* [COLLECTED DATA]
········

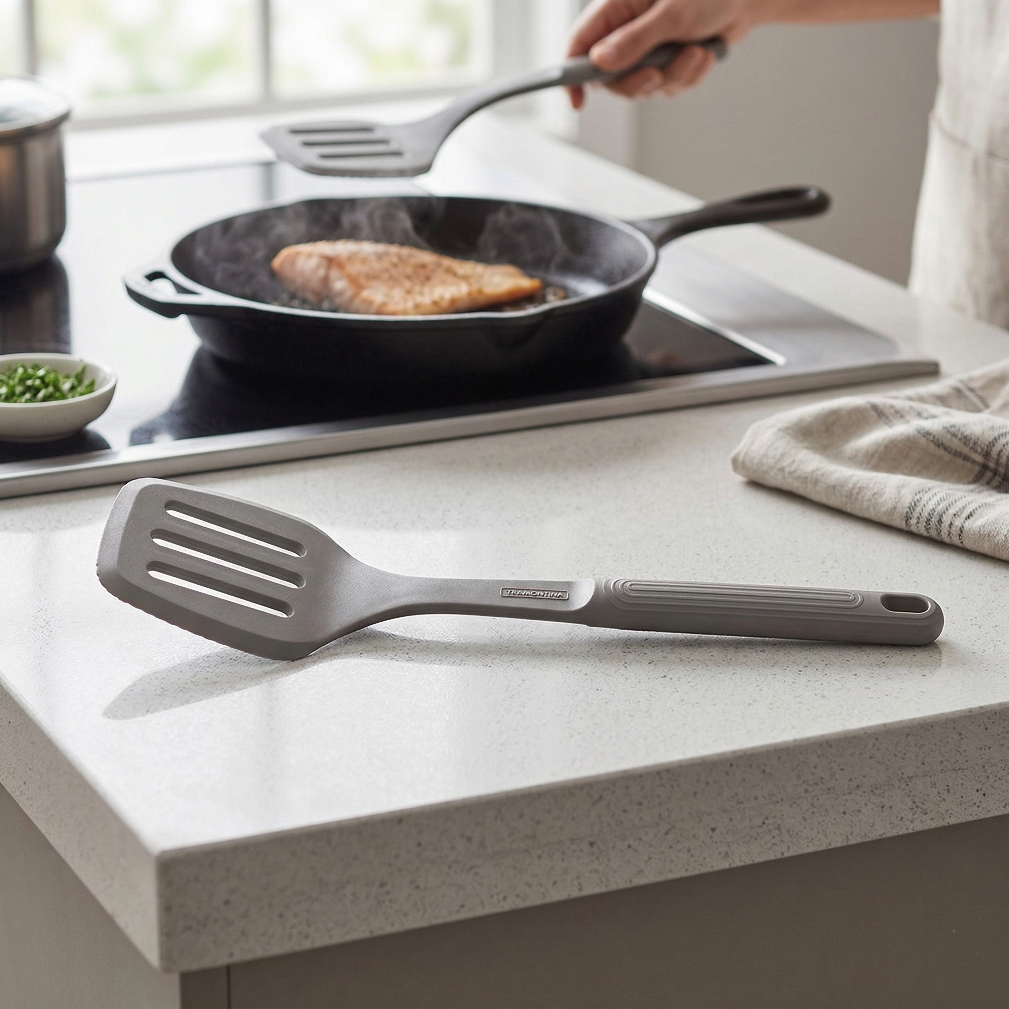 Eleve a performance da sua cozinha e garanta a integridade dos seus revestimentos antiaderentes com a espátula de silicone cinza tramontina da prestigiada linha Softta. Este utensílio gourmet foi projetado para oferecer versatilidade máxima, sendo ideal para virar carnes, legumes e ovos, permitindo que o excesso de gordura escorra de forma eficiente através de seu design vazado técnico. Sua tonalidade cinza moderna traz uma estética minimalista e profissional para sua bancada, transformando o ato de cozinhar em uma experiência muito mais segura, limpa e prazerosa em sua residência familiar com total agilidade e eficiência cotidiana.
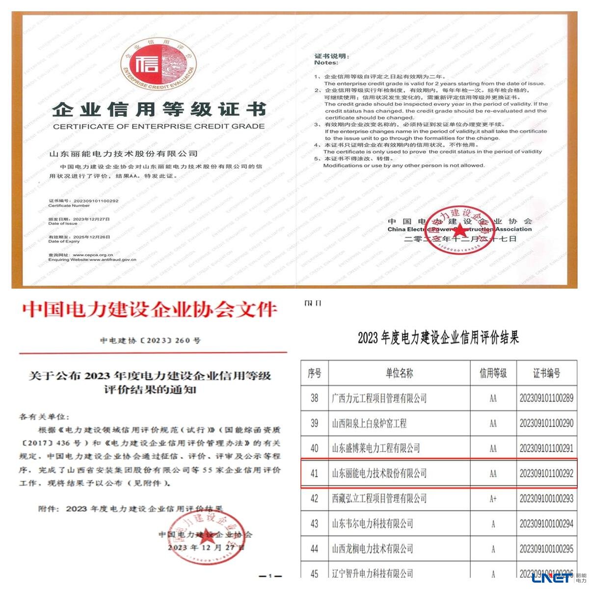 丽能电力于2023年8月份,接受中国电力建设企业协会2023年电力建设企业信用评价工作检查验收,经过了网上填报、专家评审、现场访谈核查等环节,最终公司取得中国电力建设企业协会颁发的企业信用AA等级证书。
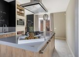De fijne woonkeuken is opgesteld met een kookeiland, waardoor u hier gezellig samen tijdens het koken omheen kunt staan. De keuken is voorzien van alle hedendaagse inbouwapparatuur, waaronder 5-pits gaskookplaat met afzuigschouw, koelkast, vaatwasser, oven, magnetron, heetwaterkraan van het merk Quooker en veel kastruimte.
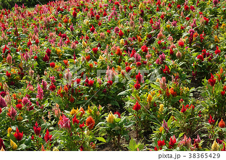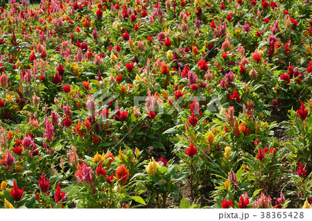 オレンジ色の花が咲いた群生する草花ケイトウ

········

Every line of the data above should be quoted exactly. Omit the pictures.

* [WORKED SOLUTION]
 Eleve a performance da sua cozinha e garanta a integridade dos seus revestimentos antiaderentes com a espátula de silicone cinza tramontina da prestigiada linha Softta. Este utensílio gourmet foi projetado para oferecer versatilidade máxima, sendo ideal para virar carnes, legumes e ovos, permitindo que o excesso de gordura escorra de forma eficiente através de seu design vazado técnico. Sua tonalidade cinza moderna traz uma estética minimalista e profissional para sua bancada, transformando o ato de cozinhar em uma experiência muito mais segura, limpa e prazerosa em sua residência familiar com total agilidade e eficiência cotidiana.
 丽能电力于2023年8月份,接受中国电力建设企业协会2023年电力建设企业信用评价工作检查验收,经过了网上填报、专家评审、现场访谈核查等环节,最终公司取得中国电力建设企业协会颁发的企业信用AA等级证书。
De fijne woonkeuken is opgesteld met een kookeiland, waardoor u hier gezellig samen tijdens het koken omheen kunt staan. De keuken is voorzien van alle hedendaagse inbouwapparatuur, waaronder 5-pits gaskookplaat met afzuigschouw, koelkast, vaatwasser, oven, magnetron, heetwaterkraan van het merk Quooker en veel kastruimte.
 オレンジ色の花が咲いた群生する草花ケイトウ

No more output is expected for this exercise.